For infants aged 7–11 months, an Adequate Intake (AI) of 0.2 g/day is proposed based on the estimated sodium intake in exclusively breast-fed infants aged 0–6 months.

Determination of chloride values take a similar methodology, with the Panel considering that reference values can be set at values equimolar to the reference values for sodium for all population groups.

They conclude that 1.7 g/day for children aged 1–3 years, 2.0 g/day for children aged 4–6 years, 2.6 g/day for children aged 7–10 years, 3.1 g/day for children aged 11–17 years are adequate. For infants aged 7–11 months, an adequate intake of 0.3 g/day is set.

Western diet considerations

“Consistent with the reference values for sodium, these levels of chloride intake are considered to be safe and adequate for the general EU population, under the consideration that the main dietary source of chloride intake is sodium chloride,”​ the opinion concludes.

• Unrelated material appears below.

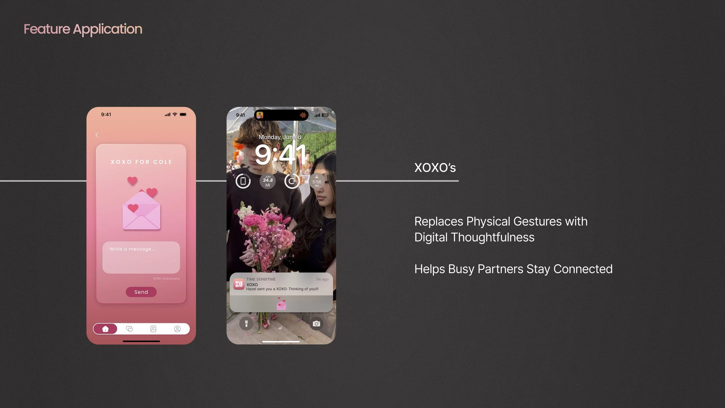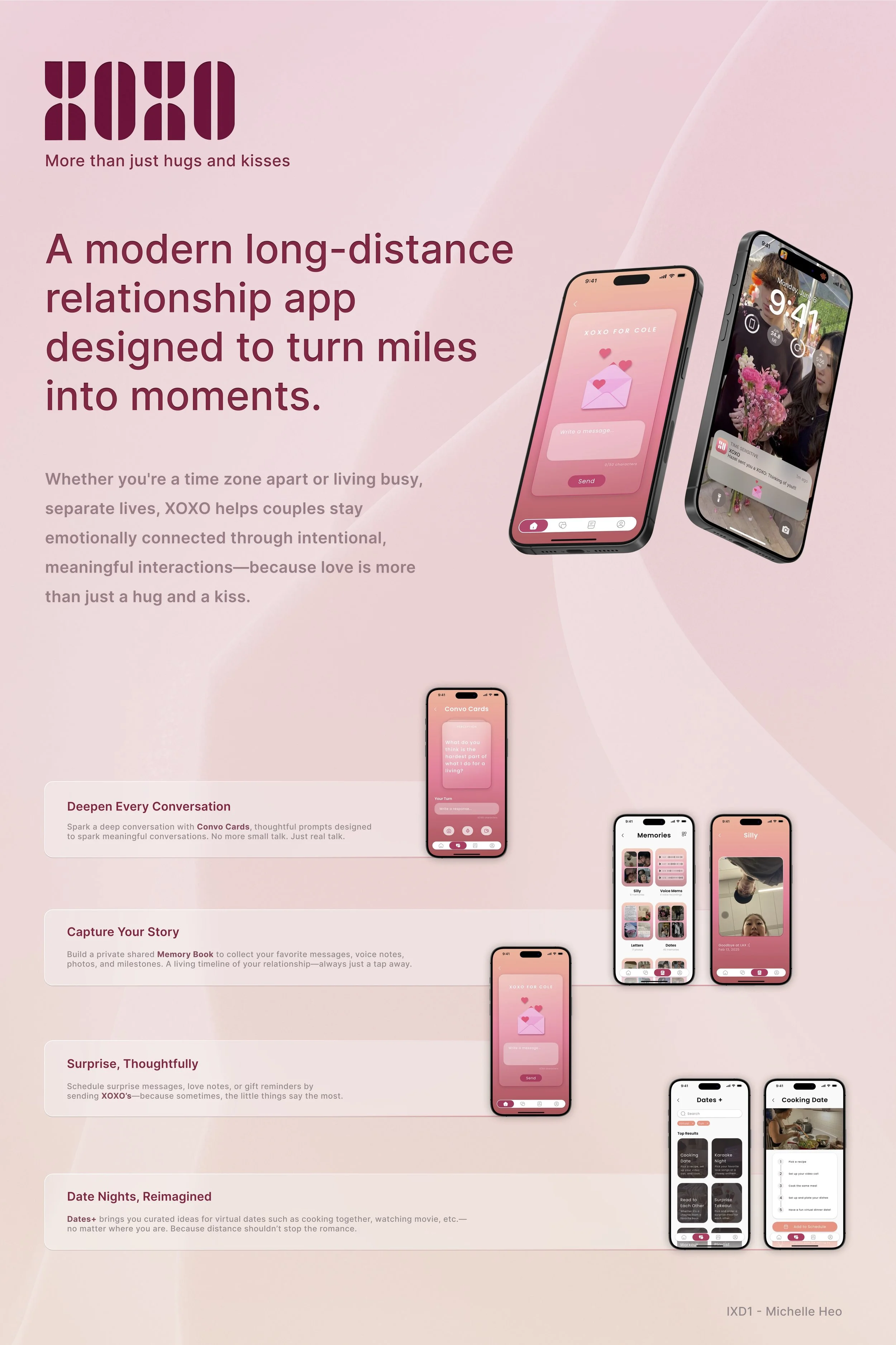 XOXO is a mobile app designed to help long-distance couples stay emotionally connected by turning everyday communication into meaningful shared experiences, no matter the distance.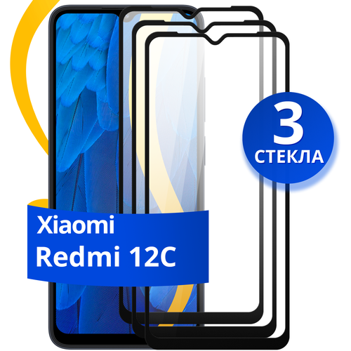 Комплект из 3 шт. Глянцевое защитное стекло для телефона Xiaomi Redmi 12C / Противоударное стекло с олеофобным покрытием на смартфон Сяоми Редми 12С

“In Western diets sodium and chloride are mainly found in salt but are naturally present in most food,”​ comments Agnès de Sesmaisons-Lecarré, fellow EFSA NDA Panel member.

“The body needs them to function but, when consumed in excess, they can cause elevated blood pressure, a risk factor for cardiovascular disease.

“European intakes in adults are typically higher so EU decision-makers can use this value where appropriate to set population targets for reducing sodium intake.”

In publishing these two scientific opinions EFSA also update its DRV Finder in the process. This is an interactive tool that gives access to EFSA’s DRV nutrient values intended for nutrition and health professionals.

“Users can search by nutrient or by target population,” ​says EFSA’s Céline Dumas. “Professionals can easily check useful definitions, access the corresponding scientific opinions of EFSA or its predecessor [the Scientific Committee on Food], or export their selection for further use.”